◆ Work to complete: Exactly reproduce the lines of the listing below from the one containing "SIZE H21 / W14/" through the one containing "Experience cosy comfort". Skip the images.

Top of Information provided

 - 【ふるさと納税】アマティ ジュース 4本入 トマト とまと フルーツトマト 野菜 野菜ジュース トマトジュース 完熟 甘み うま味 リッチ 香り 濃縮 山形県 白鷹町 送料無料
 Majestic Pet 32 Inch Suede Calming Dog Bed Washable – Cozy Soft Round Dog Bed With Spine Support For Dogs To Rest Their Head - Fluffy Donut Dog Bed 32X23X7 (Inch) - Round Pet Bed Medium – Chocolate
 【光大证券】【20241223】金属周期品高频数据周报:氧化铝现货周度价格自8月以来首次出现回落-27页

Bottom of Information provided
Top of Information provided

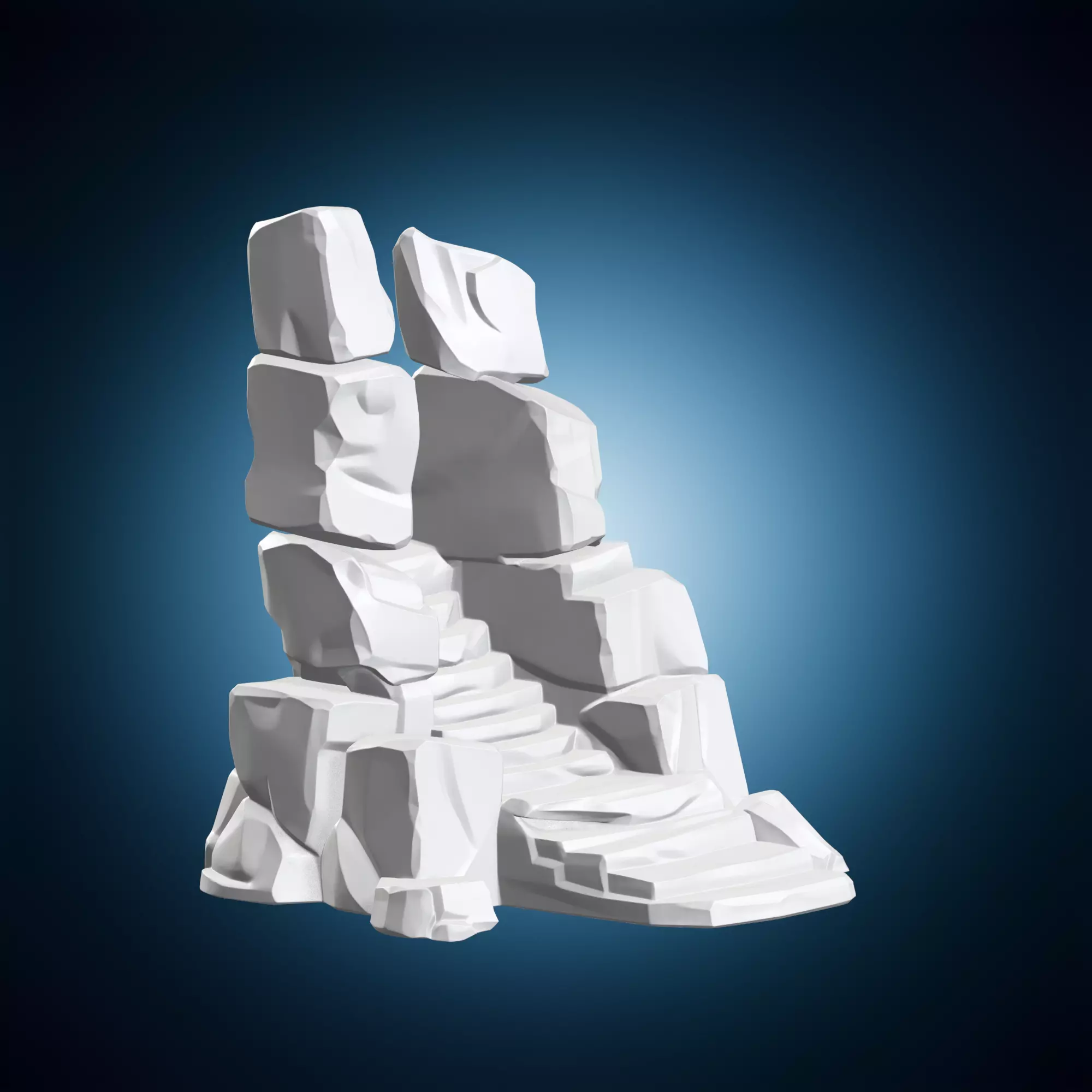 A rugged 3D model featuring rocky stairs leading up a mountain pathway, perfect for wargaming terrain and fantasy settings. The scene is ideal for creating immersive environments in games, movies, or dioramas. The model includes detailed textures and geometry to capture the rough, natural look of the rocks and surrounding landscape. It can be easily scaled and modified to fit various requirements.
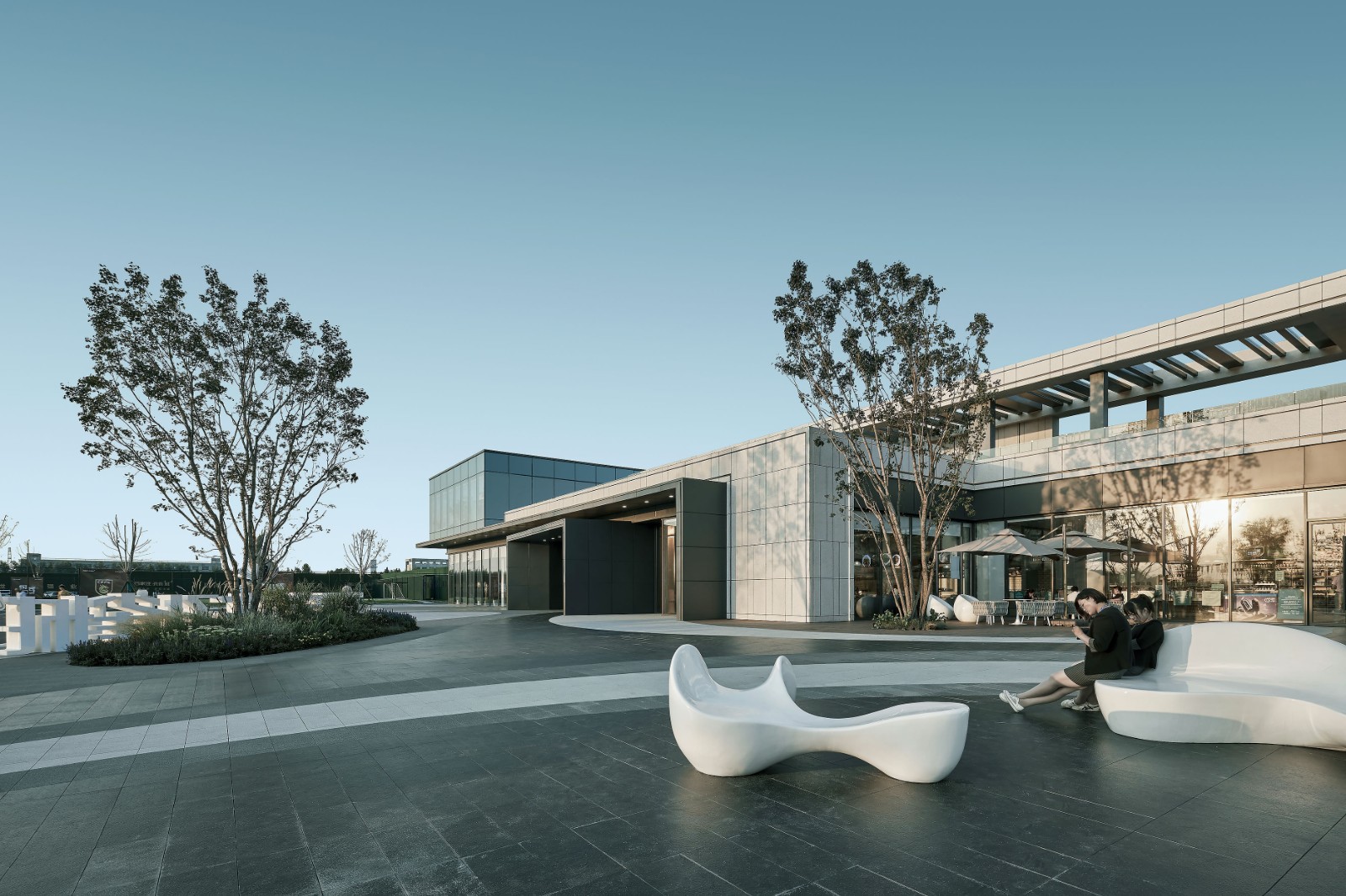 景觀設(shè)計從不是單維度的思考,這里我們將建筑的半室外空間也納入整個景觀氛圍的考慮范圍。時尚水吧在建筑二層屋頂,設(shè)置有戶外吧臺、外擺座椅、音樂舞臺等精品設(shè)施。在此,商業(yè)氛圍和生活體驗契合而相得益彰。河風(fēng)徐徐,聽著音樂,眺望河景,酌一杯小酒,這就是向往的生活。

Bottom of Information provided
Top of Information provided

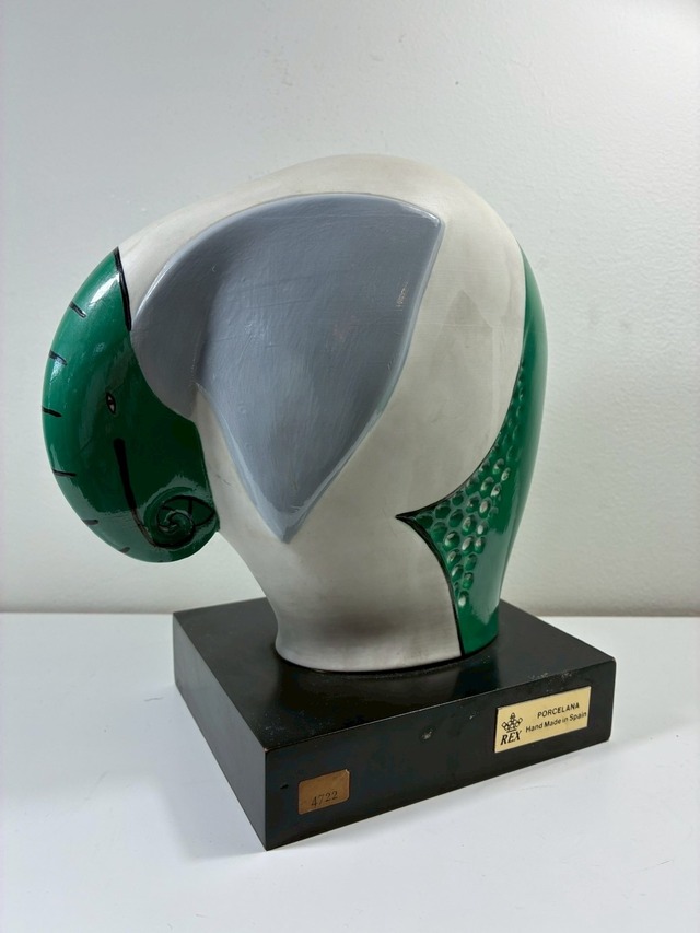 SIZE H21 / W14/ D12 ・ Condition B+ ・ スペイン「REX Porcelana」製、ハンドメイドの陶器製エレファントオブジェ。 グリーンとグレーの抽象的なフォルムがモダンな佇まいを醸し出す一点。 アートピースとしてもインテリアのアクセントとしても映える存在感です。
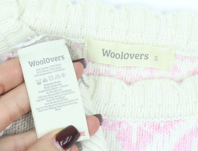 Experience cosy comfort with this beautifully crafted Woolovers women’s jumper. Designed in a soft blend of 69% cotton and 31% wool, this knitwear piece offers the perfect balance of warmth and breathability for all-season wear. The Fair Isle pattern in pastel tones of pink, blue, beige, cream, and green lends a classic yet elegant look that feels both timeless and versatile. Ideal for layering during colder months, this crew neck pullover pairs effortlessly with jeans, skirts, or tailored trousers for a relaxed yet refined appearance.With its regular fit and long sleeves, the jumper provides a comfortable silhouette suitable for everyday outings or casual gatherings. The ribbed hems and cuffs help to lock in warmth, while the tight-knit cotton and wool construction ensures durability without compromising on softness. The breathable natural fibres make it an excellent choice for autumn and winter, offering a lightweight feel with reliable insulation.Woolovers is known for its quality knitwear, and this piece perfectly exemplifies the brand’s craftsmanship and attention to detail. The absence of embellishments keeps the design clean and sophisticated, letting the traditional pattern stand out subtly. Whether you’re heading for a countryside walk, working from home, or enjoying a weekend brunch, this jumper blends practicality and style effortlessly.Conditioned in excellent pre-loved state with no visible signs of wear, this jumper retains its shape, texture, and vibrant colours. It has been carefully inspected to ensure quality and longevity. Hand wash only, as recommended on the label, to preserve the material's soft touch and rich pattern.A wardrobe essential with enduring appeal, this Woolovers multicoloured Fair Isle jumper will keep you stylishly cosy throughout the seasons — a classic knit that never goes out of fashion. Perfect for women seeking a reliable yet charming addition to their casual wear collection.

Bottom of Information provided

◆ Result for this exercise:
 SIZE H21 / W14/ D12 ・ Condition B+ ・ スペイン「REX Porcelana」製、ハンドメイドの陶器製エレファントオブジェ。 グリーンとグレーの抽象的なフォルムがモダンな佇まいを醸し出す一点。 アートピースとしてもインテリアのアクセントとしても映える存在感です。
 Experience cosy comfort with this beautifully crafted Woolovers women’s jumper. Designed in a soft blend of 69% cotton and 31% wool, this knitwear piece offers the perfect balance of warmth and breathability for all-season wear. The Fair Isle pattern in pastel tones of pink, blue, beige, cream, and green lends a classic yet elegant look that feels both timeless and versatile. Ideal for layering during colder months, this crew neck pullover pairs effortlessly with jeans, skirts, or tailored trousers for a relaxed yet refined appearance.With its regular fit and long sleeves, the jumper provides a comfortable silhouette suitable for everyday outings or casual gatherings. The ribbed hems and cuffs help to lock in warmth, while the tight-knit cotton and wool construction ensures durability without compromising on softness. The breathable natural fibres make it an excellent choice for autumn and winter, offering a lightweight feel with reliable insulation.Woolovers is known for its quality knitwear, and this piece perfectly exemplifies the brand’s craftsmanship and attention to detail. The absence of embellishments keeps the design clean and sophisticated, letting the traditional pattern stand out subtly. Whether you’re heading for a countryside walk, working from home, or enjoying a weekend brunch, this jumper blends practicality and style effortlessly.Conditioned in excellent pre-loved state with no visible signs of wear, this jumper retains its shape, texture, and vibrant colours. It has been carefully inspected to ensure quality and longevity. Hand wash only, as recommended on the label, to preserve the material's soft touch and rich pattern.A wardrobe essential with enduring appeal, this Woolovers multicoloured Fair Isle jumper will keep you stylishly cosy throughout the seasons — a classic knit that never goes out of fashion. Perfect for women seeking a reliable yet charming addition to their casual wear collection.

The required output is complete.